16313:50 <amiti> RE logic of the outbound vs the inbound, isn't there already a preference built in to when you initially schedule the process_time, and by finding the best time and bumping up, you'd be honoring the same order?
16413:50 <amiti> am I missing something?
16513:50 <jnewbery> ariard: no, in the case that no outbound peer has announced the tx, the best would be the best inbound
16613:51 <jnewbery> amiti: see aj's comment here: https://github.com/bitcoin/bitcoin/pull/18238#discussion_r396884515
16713:51 <ariard> jnewbery: so iterate first on outbound, then inbound, but a malicious inbound can still make you juggle indefinetely?
16813:51 <gleb> amiti: yeah, but it's possible (probably very early in the overall relay) for inbounds to occupy fastest slots, and I guess there's worrying about that scenario to be exploited further.
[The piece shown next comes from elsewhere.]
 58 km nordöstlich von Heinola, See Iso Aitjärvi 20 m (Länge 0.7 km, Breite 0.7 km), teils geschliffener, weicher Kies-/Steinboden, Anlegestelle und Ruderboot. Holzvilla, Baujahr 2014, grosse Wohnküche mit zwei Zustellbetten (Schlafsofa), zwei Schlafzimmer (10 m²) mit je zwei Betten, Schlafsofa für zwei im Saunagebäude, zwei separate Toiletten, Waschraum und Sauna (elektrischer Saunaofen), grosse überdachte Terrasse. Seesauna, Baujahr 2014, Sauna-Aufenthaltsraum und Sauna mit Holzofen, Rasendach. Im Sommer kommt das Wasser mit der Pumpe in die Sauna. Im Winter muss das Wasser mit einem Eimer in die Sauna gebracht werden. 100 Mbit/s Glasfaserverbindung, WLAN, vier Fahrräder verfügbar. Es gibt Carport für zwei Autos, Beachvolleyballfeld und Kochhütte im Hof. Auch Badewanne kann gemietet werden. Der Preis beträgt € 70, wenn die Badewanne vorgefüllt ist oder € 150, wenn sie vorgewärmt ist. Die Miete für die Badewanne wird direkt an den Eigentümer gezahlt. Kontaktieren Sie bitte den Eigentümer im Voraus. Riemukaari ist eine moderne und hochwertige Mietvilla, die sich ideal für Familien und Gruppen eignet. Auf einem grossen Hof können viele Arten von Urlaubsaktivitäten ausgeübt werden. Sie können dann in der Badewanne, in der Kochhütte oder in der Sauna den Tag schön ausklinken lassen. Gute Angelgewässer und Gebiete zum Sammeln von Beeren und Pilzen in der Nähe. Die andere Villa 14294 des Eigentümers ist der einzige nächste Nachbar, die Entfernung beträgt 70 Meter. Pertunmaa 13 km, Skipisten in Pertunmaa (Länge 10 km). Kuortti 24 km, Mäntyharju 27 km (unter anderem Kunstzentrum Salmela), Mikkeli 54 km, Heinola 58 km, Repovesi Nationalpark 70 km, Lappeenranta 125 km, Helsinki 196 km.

16913:51 <ariard> (likely the announced tx is a malicious one)
17013:52 <jnewbery> because the NOTFOUND can arrive at any time, we might have rescheduled our outbounds to be after our inbounds here: https://github.com/bitcoin/bitcoin/blob/60a39a96fc04c9bde98f0a55c0deb2a0b3fc25a7/src/net_processing.cpp#L4063
17113:53 <amiti> ah. right.
17213:53 <jnewbery> ariard: I think by null'ing rather than deleting entries from m_tx_announced here: https://github.com/bitcoin/bitcoin/pull/18238#discussion_r397928486, the malicious peer can't juggle NOTFOUND/INVs
17313:54 <gleb> We should absolutely prevent juggling. Once that is done, it's worth discussing other threats (which I think are probably minor)
17413:54 <michaelfolkson> jnewbery: A NOTFOUND can be response for a transaction request from a block / confirmed transaction, just not related to this particular PR. Got it
17513:54 <gleb> Like, an attacker would have to come really early in the relay, and the damage is InvBlock for a minute or two at most. I think that's desirable requirement.
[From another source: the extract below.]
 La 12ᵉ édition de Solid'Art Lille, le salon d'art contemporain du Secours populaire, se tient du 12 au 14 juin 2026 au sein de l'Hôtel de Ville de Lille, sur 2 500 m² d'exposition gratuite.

17613:55 <gleb> (similar to what is already possible)
17713:57 <gleb> this PR turned out to be much more complicated than I anticipated, especially after all the reviews, triggered by this review club too :)
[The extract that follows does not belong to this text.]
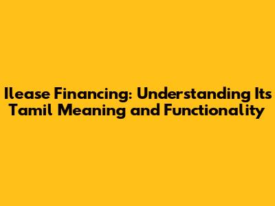 What is Ilease Financing? - Its Tamil Meaning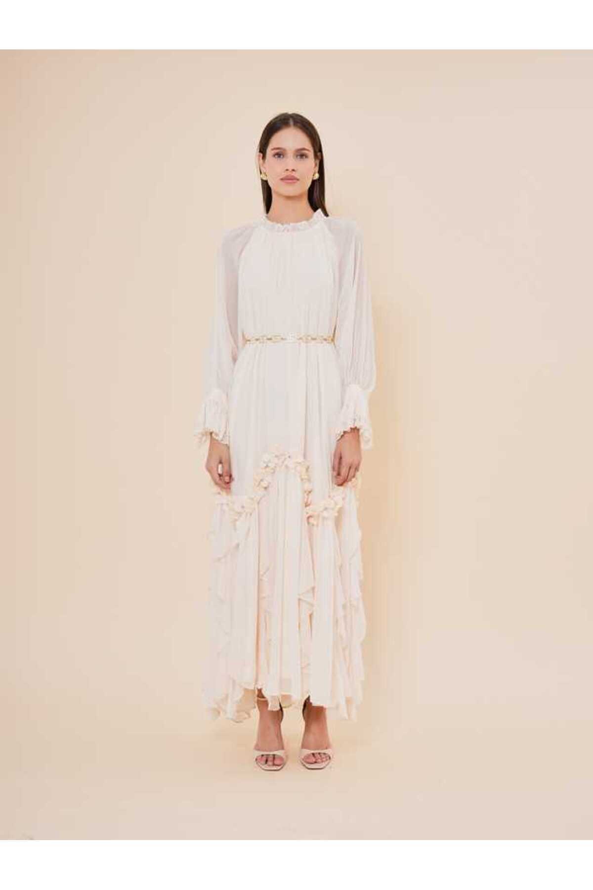 Volan ve Çiçek Detaylı Şifon Uzun Elbise 50411 Volan ve Çiçek Detaylı Şifon Uzun Elbise 50411 2620450411 44

17813:57 <amiti> 3 minutes left !
17913:57 <amiti> yeah its suuuuper nuanced! effective tx download is HARD
18013:58 <jkczyz> +1 IMHO, the PR exhibits why striving to reduce complexity (or hiding it behind an interface when not possible) is so important. Even dependencies between fields of a small struct can have an enormous impact on code understanding and review velocity, not to mention the potential for introducing bugs
18113:58 <michaelfolkson> Still a bit confused. Why are there no "announcements" for confirmed transactions, transactions already in a block?
18213:58 <jnewbery> jkczyz: absoluely agree!
18313:58 <amiti> jkczyz: strong agree
18413:58 <jonatack> jkczyz: ^ this
18513:58 <sipa> michaelfolkson: the block is the announcement?
18613:59 <michaelfolkson> But a a node could be really behind and announce a transaction that everyone already knows about and has been included in a block?
18713:59 <jnewbery> michaelfolkson: transaction relay is for unconfirmed transactions. Confirmed transactions are included in the BLOCK message
18813:59 <nehan_> thanks amiti!
18914:00 <jnewbery> michaelfolkson: tranaction wouldn't be valid for nodes that are caught up because its inputs have been spent
19014:00 <amiti> alright folks! thats time
19114:00 <ariard> michaelfolkson: see g_recent_confirmed_transactions, to avoid reqquesting tx already confirmed
19214:00 <amiti> #endmeeting
19314:00 <amiti> thank you all :)
19414:00 <jnewbery> thanks amiti. That was fun!
19514:00 <lightlike> thanks!
19614:00 <michaelfolkson> Cool, thanks fro the answers
19714:00 <michaelfolkson> *for
19814:00 <amiti> that was a fun discussion. I have a LOT of questions to go investigate :)
19914:00 <michaelfolkson> And thanks amiti. Great hosting
20014:01 <sipa> thanks amiti!
20114:01 <jonatack> thanks amiti and everyone!
20214:01 <jkczyz> amiti: thanks! Learning a lot
20314:01 <felixweis> thanks!
20414:01 <emzy> Thanks amiti and everyone!
20514:03 <sipa> [A
20614:04 <andrewtoth> thanks amiti and everyone!